In [None]:
import torch
from transformers import AutoTokenizer, AutoModelForCausalLM

#### Define the input texts for the model to process

In [2]:
input_texts = [
    "Explain the theory of relativity.",
    "What is the capital of France?",
    "How does quantum computing work?",
    "What are the benefits of machine learning?",
]

### Load the **Llama 3.1 8B** model and tokenizer, then perform inference on the input texts.
- This function requires at least 32GiB of GPU memory to run efficiently.

In [3]:
def inference_8B(input_texts):
    # Load model directly
    tokenizer = AutoTokenizer.from_pretrained("meta-llama/Meta-Llama-3.1-8B")
    model = AutoModelForCausalLM.from_pretrained("meta-llama/Meta-Llama-3.1-8B")
    
    ### NOTE: THIS MODEL REQUIRES AT LEAST 32GiB OF GPU MEMORY ###
    # Move the model to the GPU
    device = torch.device("cuda" if torch.cuda.is_available() else "cpu")
    model.to(device)

    tokenizer.pad_token = tokenizer.eos_token
    inputs = tokenizer(input_texts, return_tensors="pt", padding=True, truncation=True).to(device)

    with torch.no_grad():
        outputs = model.generate(**inputs, max_length=200)
        generated_texts = [tokenizer.decode(output, skip_special_tokens=True) for output in outputs]

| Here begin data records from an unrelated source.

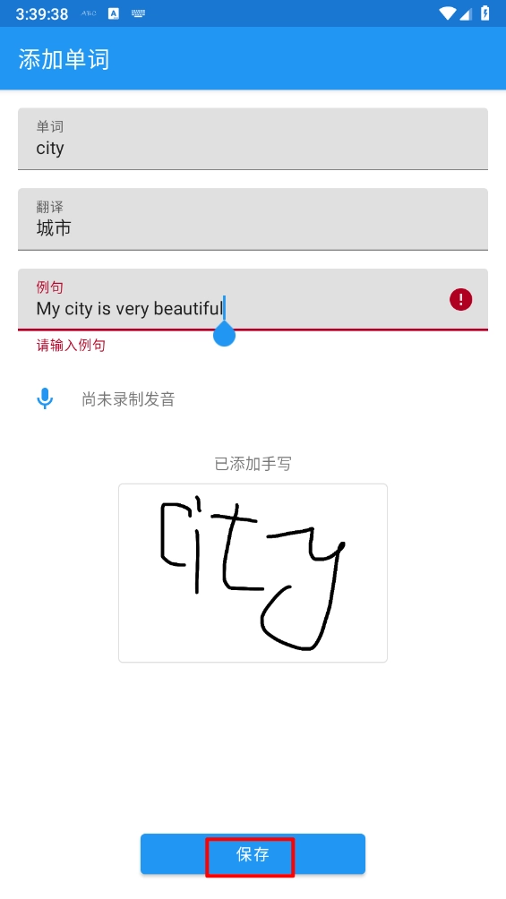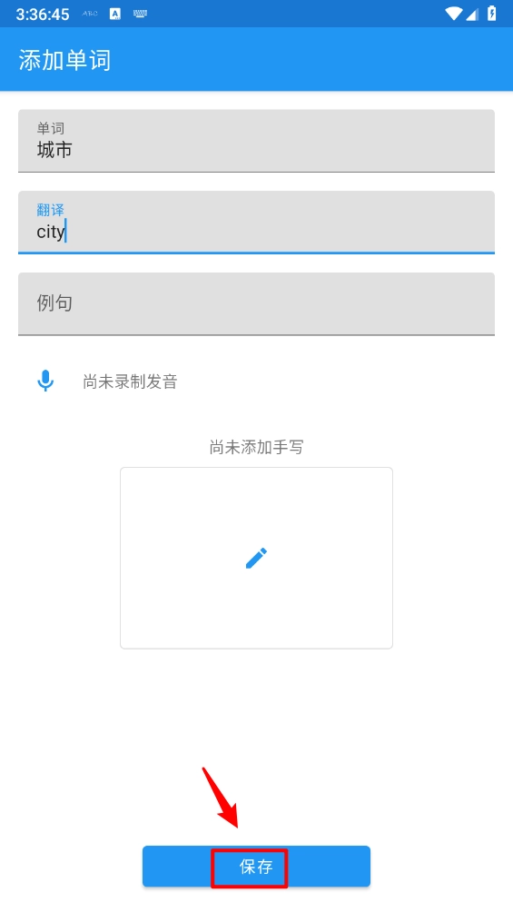 4、在主页输入单词、翻译以及例句,也能够添加手写内容。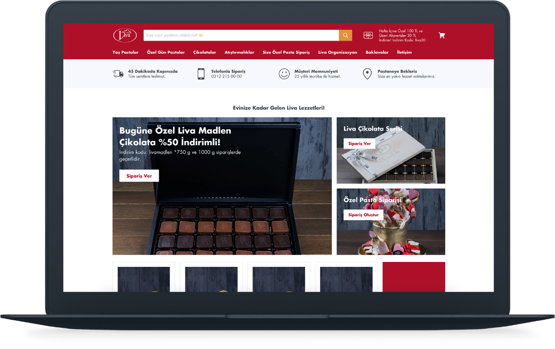 The Shopify e-commerce infrastructure, which was continuously updated and developed by more than 2000 employees, was preferred for the Liva Pastry e-commerce website created from scratch.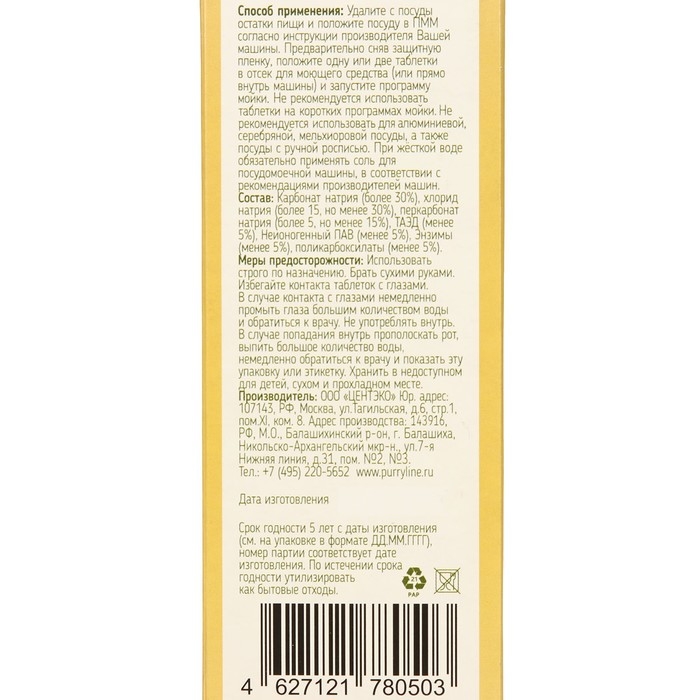 Способ применения: удалите с посуды остатки пищи и положите в пмм согласно инструкции производителя машины. Предварительно сняв защитную пленку, положите одну или две таблетки в отсек для моющего средства или прямо внутрь машины.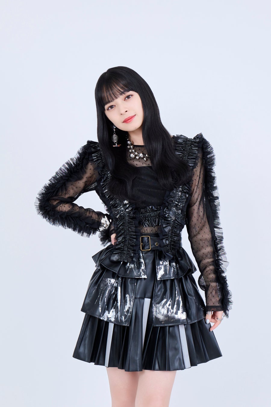 華やかでフェミニンなスカートと合わせることで、モードさとフェミニンさのバランスが取れたスタイリングが楽しめます。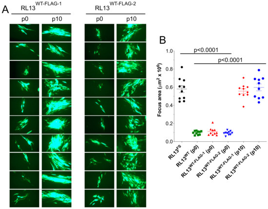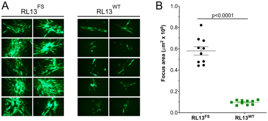 GalK recombineering in E. coli, as described in Section 2, was used to repair the RL13 mutation in the TL12 BAC to the presumed wild-type sequence by removing the one-bp insertion. The resulting RL13-repaired BAC was transfected into fibroblasts to produce a p0 stock of virus designated TL12-RL13WT. To compare the size of foci produced by TL12-RL13WT to those produced by the parental virus TL12-RL13FS, MRC-5 cell monolayers were infected at low MOI, and the size of individual foci produced by each virus was determined based on its GFP+ surface area at day eight post-infection. TL12-RL13WT grew slowly and produced much smaller foci compared to the parental virus TL12-RL13FS (Figure 2A). The surface areas of ten GFP+ foci formed by each virus were measured at day eight post-infection using the ImageJ software. Foci formed by TL12-RL13WT were fivefold smaller than those formed by TL12-RL13FS (p < 0.0001) (Figure 2B). Thus, expression of an intact RL13 protein significantly impaired virus growth in the context of the highly cell culture-adapted Towne strain genome.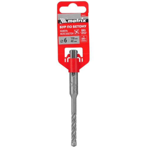 Бур по бетону Matrix 70626 размером 6 х 110 мм используется с перфораторами типа SDS Plus.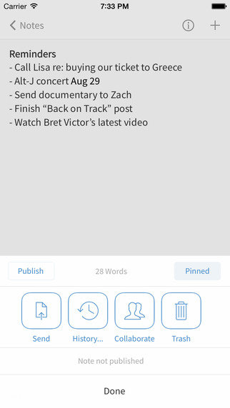TheSimplenoteexperienceisallaboutspeedandefficiency.Openit,writesomethoughts,andyou’redone.Asyourcollectionofnotesgrows,youcansearchtheminstantlyandkeepthemorganizedwithtagsandpins.Workwithotherpeopleonthesamenotebysharingitandpublishnotestothewebforotherpeopletosee.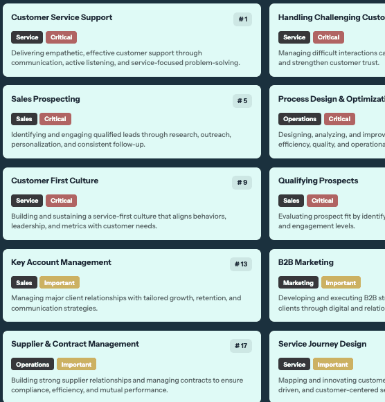 Our proprietary Skills Engine acts as the algorithmic brain of the platform. Rather than using generic templates, it ingests your specific company context, role data, and strategic goals to automatically assign and rank the exact capabilities required for every role using our rigorous 181-cluster architecture.

    for i, text in enumerate(generated_texts):
        print(f"Question: {input_texts[i]}")
        print(f"Answer: {text}")
        print()
    
    # Clear GPU memory
    del model
    del inputs
    torch.cuda.empty_cache()

### Perform inference on the defined input texts using the **8B** model

In [4]:
inference_8B(input_texts)

Loading checkpoint shards: 100%|██████████| 4/4 [00:37<00:00,  9.32s/it]
Setting `pad_token_id` to `eos_token_id`:128001 for open-end generation.
A decoder-only architecture is being used, but right-padding was detected! For correct generation results, please set `padding_side='left'` when initializing the tokenizer.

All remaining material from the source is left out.